Low Carb (VLC): This is about as low carb of a mixture that you will get in low carb baking (except for straight up flax or oat fiber). You could get approximately the same carb count with almond flour alone, but I don’t like feeding us huge handfuls of nuts over and over again every time we eat any baked good. (I know the low carb high fat people say it doesn’t matter, but it feels like it matters!) I also like the “dilution factor” of using multiple non-grain flours in a mix.

 

Family Friendly (FF): Again, to make this more Family-Friendly—or to just create a healthier baking mix for your family that is not reliant on processed or over-consumed white flour and other grains, you can do a couple of things: (1) Make this as it is listed and use it half and half with oat flour, quinoa flour, sprouted wheat, or other higher-carb flours that bake up more like regular grains; (2) Make this almost as it is given but use a higher carb flour for any of the really low ones. For example, if you use Bob’s Red Mill Oat Flour or sprouted white wheat flour for some of the flours, you can still end up with a forty-carb-per-cup mix that is healthy as opposed to a one-hundred-carb-per-cup grain (white or wheat flour) that is less healthy. Family-Friendly Low Carbing is a very healthy approach to baking! (3) Make this as is and use it combined with my Sprouted Flour Mix as needed to “dilute” the tastes.

 

Store-Bought-Stella (SBS): While this is not an SBS model, it is that mindset—get something you can use easily and quickly later so that you don’t have to spend so much time mixing flours, getting out various products all at once, etc.

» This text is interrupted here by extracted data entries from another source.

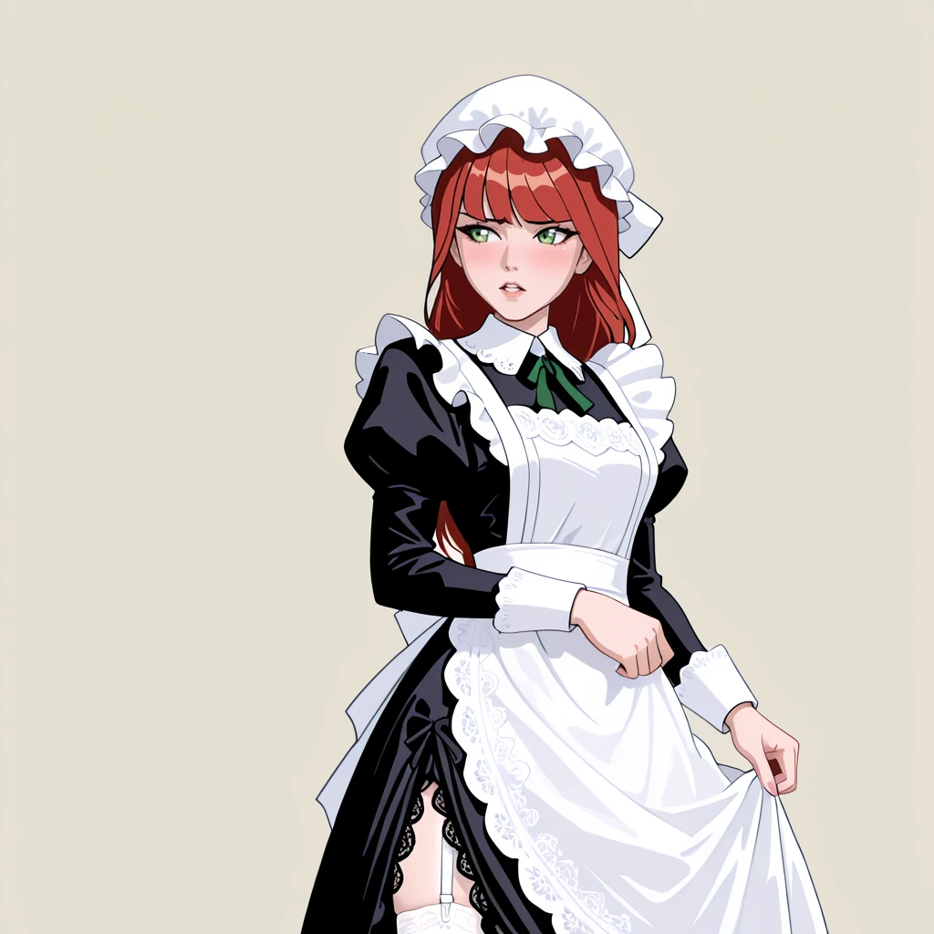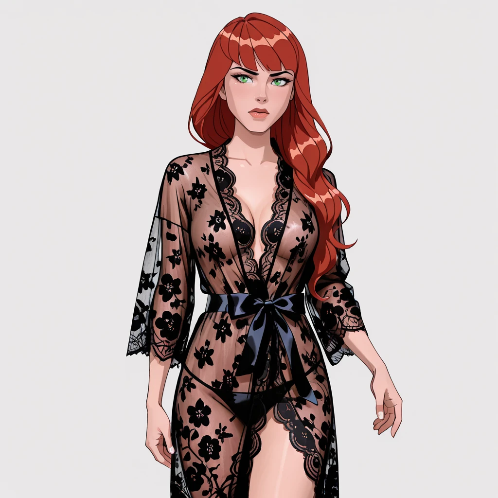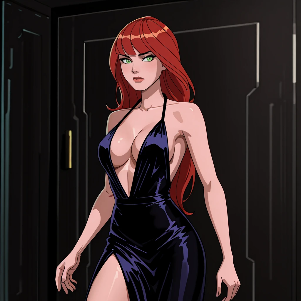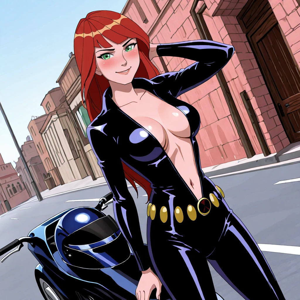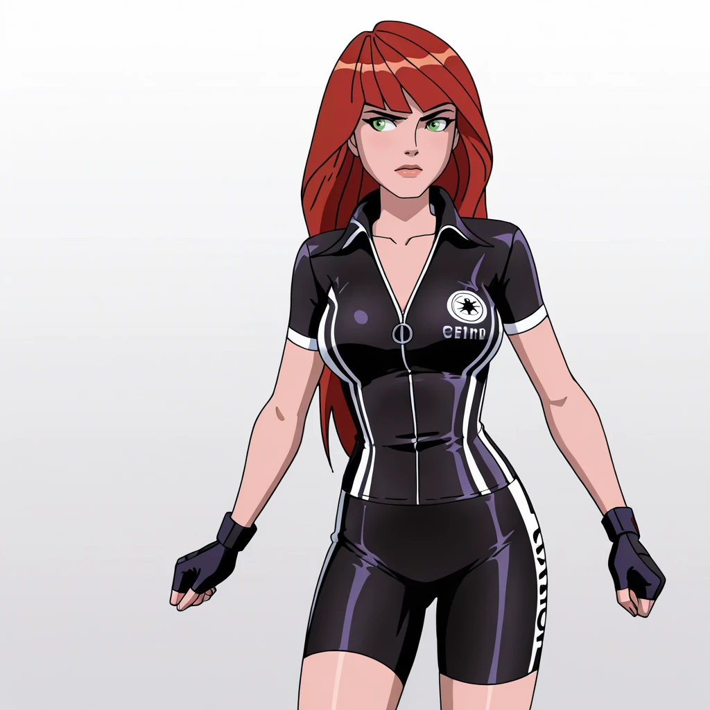 Trigger : BlackWidowEMH, 1girl, black bodysuit, long hair, green eyes, belt, red hair, black gloves, cowboy shot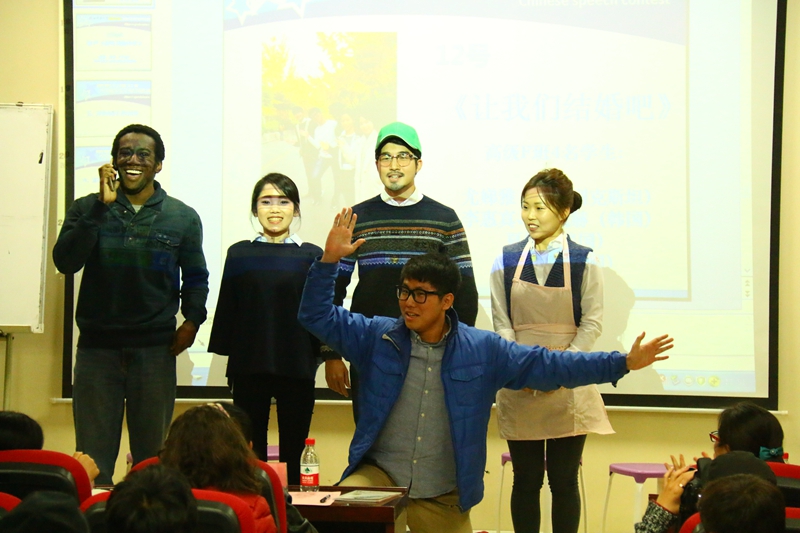 经过激烈比拼,来自高级E班和F班的何浩、尤娣雅等人带来的情景剧“国际范八宝粥”和“让我们结婚吧”荣获一等奖,来自土耳其的孟浩然、贝宁的杨过、苏丹的范小雨、宁静和高行获得二等奖,其余选手获得三等奖。本次比赛的评委,耽美小说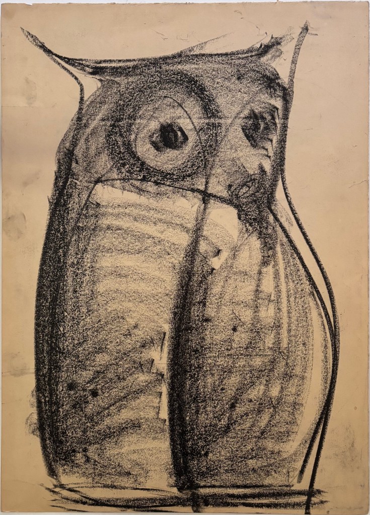 Grande gufo stilizzato, occhi tondi magnetici e corpo massiccio definito da campiture sfregate. Linee tese delineano orecchi e profilo.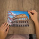This painted postcard features a colorful painting of the Colosseum in Rome, Italy.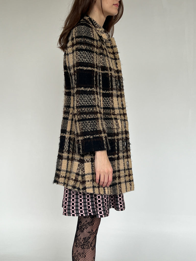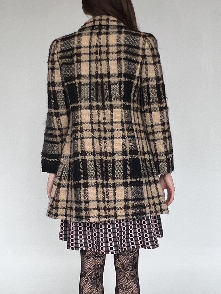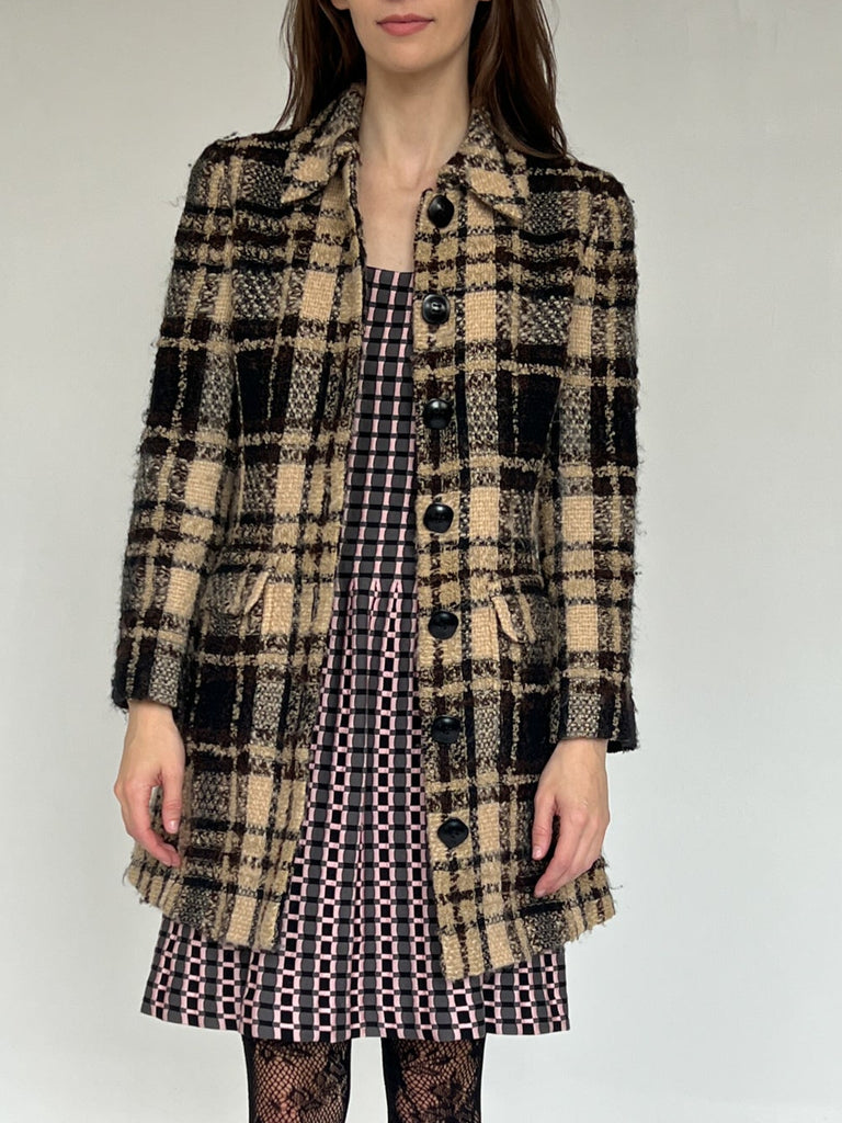 Vintage Miss Chloe soft brown and cream plaid wool jacket with black geometric buttons and double pockets. Fully lined and ultra soft. In excellent vintage shape. Marked french size 40.

Make the mix once (or double it!), and you have a “homemade convenience food.”

 

Homemade Hannah (HH): This is very homemade! You can make this completely whole-foods as written above. Coming from a HH background myself (out of necessity of cooking for a family of nine on one income), I adore mixes and always have. If you are a HH who has never used mixes, keep following this blog. You will love what is coming up!
Freezer Cooking (FC): This isn’t in my monthly freezer entrees since it really isn’t an entrée; however, you can make up a double batch and store one in your pantry for everyday use and put one batch in the freezer for later.

 

Trim Healthy Mama-Friendly (THM) (www.trimhealthymama.com): This is an S baking mix as it is written due to the heavy almond flour amount. However, it could easily be made into a Fuel Pull or an E mix by reducing the amount of almond flour. For the FP, you would reduce the amount of almond flour and replace it with oat fiber. For the E mix, you would reduce the amount of almond flour and replace it with oat flour or sprouted wheat flour. Easy peasy! Also, like the suggestions above for the Family-Friendly folks, you could make it as it is listed and then use half and half—half Basic Low Carb Flour Mix and half oat fiber for FP OR half Basic Low Carb Flour Mix and half oat flour or sprouted wheat for E mix. (I do not do much FP or E baking, but I would make this mix as is and then combine it with Sprouted Flour Mix anytime you want to make an E baked good. Easy peasy!)

 

Sugar Free (SF): Sugar-free!

 

Gluten Free (GF): This can definitely be gluten-free if you do not add the gluten and you are sure your oat fiber is completely gluten free. Again, just like the Family-Friendly and the THM E mix options given above, if you are not after low carb but simply after healthier and gluten-free baking options, you may omit the lower carb flours (oat fiber, golden flax, etc.) and use part oat flour or part gluten-free flour. (Bob’s Red Mill Gluten-Free Flour is the lowest carb gluten-free flour I have found—by many carbs in some cases!) Also, you can do the option of making it as is and using half Basic Low Carb Flour Mix and half gluten-free flour for a healthier alternative to just gluten-free flour (which is often made with corn starch, rice flour, and other “white” flours).